Much of the exhibition is stuck in the bedroom, or thereabouts, dwelling on the joylessness of sex. One gallery is suffused by the soundtrack from Lutz Bacher’s looped video clip of William Kennedy Smith on the witness stand,Trade Warehouse have partnered with one of the worlds largest solarlight producers. relentlessly repeating “my penis”. That mantra makes it difficult to focus on Paul McCarthy’s “Cultural Gothic”, a sculptural automaton of a man resting his hand on the shoulder of a young boy who couples mechanically with a stuffed goat; or on Patricia Cronin’s Polaroid crude anatomical close-ups of her love life; or on Cheryl Donegan’s “Head”, a brief but still overlong video of the artist guzzling a creamy liquid as it squirts from a plastic jug.

Art about sex isn’t about sex, of course, but about gender roles, subjugation, identity, the body and various other concepts explained in the indispensable text panels. The great innovation of the early 1990s was art that required written translation – John Miller’s “Clubs for America”, for instance, a suite of ugly photos of dreary locations. Their meaning resides in the wall labels, which explain that each is a view of a gay bathhouse, shuttered in the age of Aids. Unfortunately, what we’re shown and what we’re told doesn’t add up to a whole artistic experience.Looking for the Best solarpanel? Once you’ve read the text, you return to the pictures, only to find them untransformed.

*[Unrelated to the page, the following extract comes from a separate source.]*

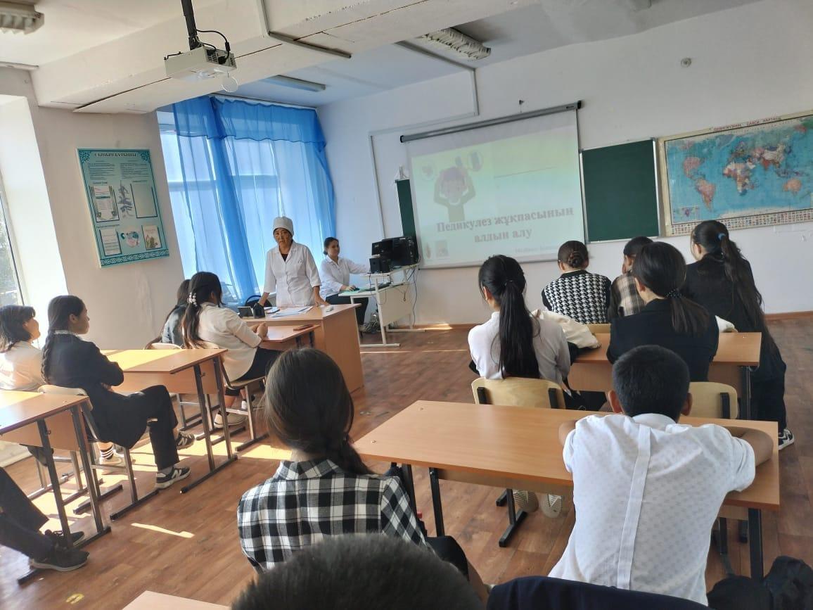 Жетісу облысы Қаратал ауданы "Ж.Молдағалиев атындағы МДШО бар орта мектеп Қожбан БМ" КММ.2022 жылдың 20-21қыркүйек аралығында Педикулездің алдын алу тақырыбында жоғары сынып оқушыларына Былшанова З.медбике дәріс оқыды.Педикулез ауруының таралу жолдары,симптомдары,құтылу жолдары туралы ескертілді.

If NYC 1993 has little to say about the world at that time, it suggests plenty about New York’s evolution since then. It tells of a fall from gracelessness, from interesting dereliction to bland luxury. (It is an irony that the New Museum went up on the Bowery in 2007, contributing to the gentrification it’s now busy deploring.) The scholar Megan Heuer writes in a catalogue essay that the city has, in her opinion, been scrubbed shallow: “that old sadness and profundity?.?.?.?have largely disappeared.” At the time, though, most artists didn’t see their lives through the lens of poetic melancholy. They were bellicose and cerebral. The show’s logo could be David Hammons’ decapitated sweatshirt hood, whose title, “In the Hood”, puns on fashion, race and urban geography.